§ Data section

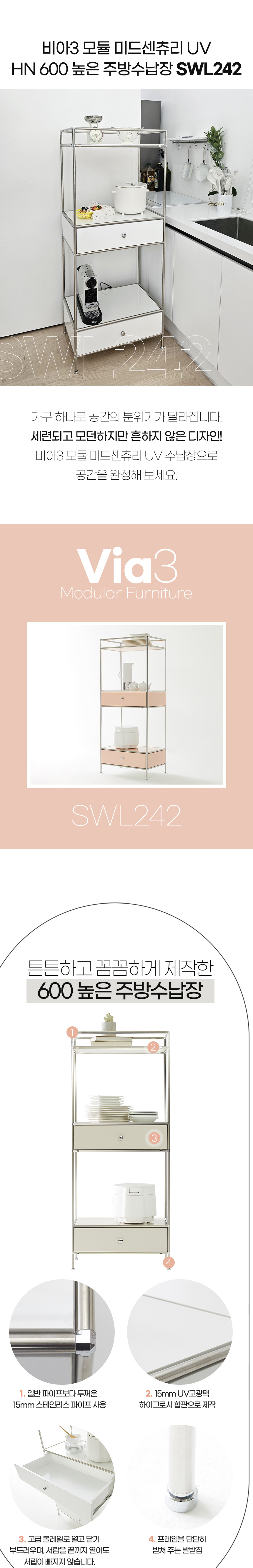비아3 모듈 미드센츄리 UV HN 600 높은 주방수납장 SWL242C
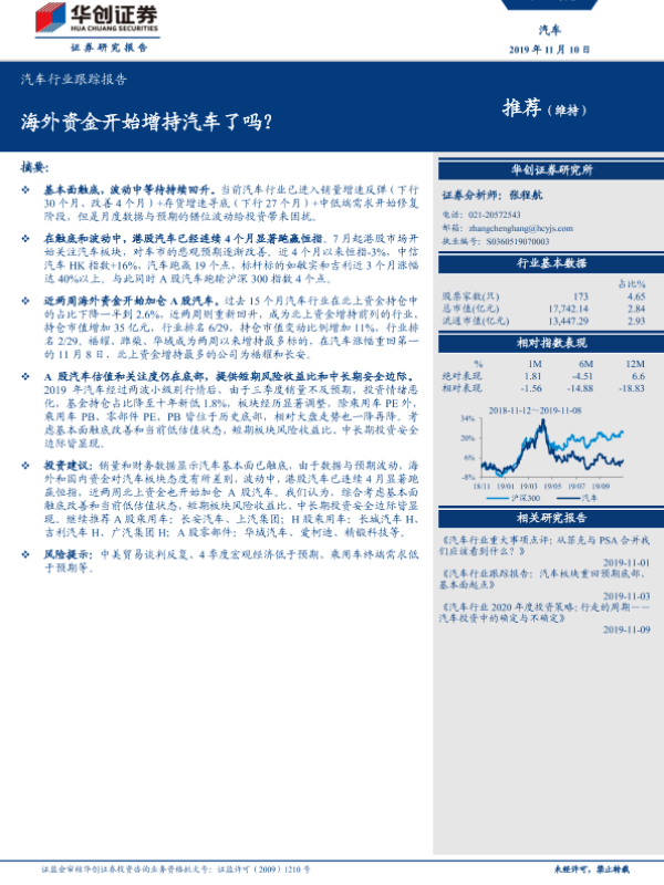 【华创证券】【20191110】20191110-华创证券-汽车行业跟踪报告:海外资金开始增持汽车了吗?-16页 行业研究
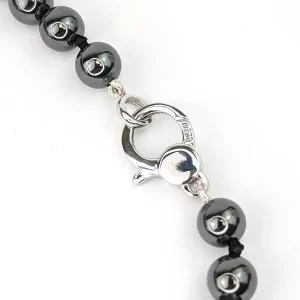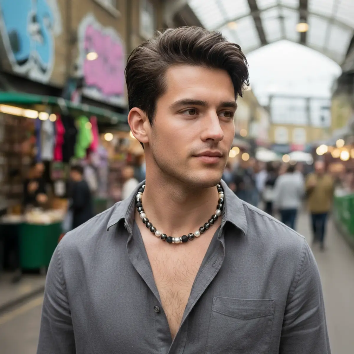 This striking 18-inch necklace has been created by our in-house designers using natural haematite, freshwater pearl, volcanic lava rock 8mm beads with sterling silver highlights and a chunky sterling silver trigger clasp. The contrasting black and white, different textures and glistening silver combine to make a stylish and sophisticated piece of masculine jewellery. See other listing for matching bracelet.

§ Brief
Pictures stay out; everything else in the listing above gets repeated exactly.

§ Result of the task
비아3 모듈 미드센츄리 UV HN 600 높은 주방수납장 SWL242C
 【华创证券】【20191110】20191110-华创证券-汽车行业跟踪报告:海外资金开始增持汽车了吗?-16页 行业研究
 This striking 18-inch necklace has been created by our in-house designers using natural haematite, freshwater pearl, volcanic lava rock 8mm beads with sterling silver highlights and a chunky sterling silver trigger clasp. The contrasting black and white, different textures and glistening silver combine to make a stylish and sophisticated piece of masculine jewellery. See other listing for matching bracelet.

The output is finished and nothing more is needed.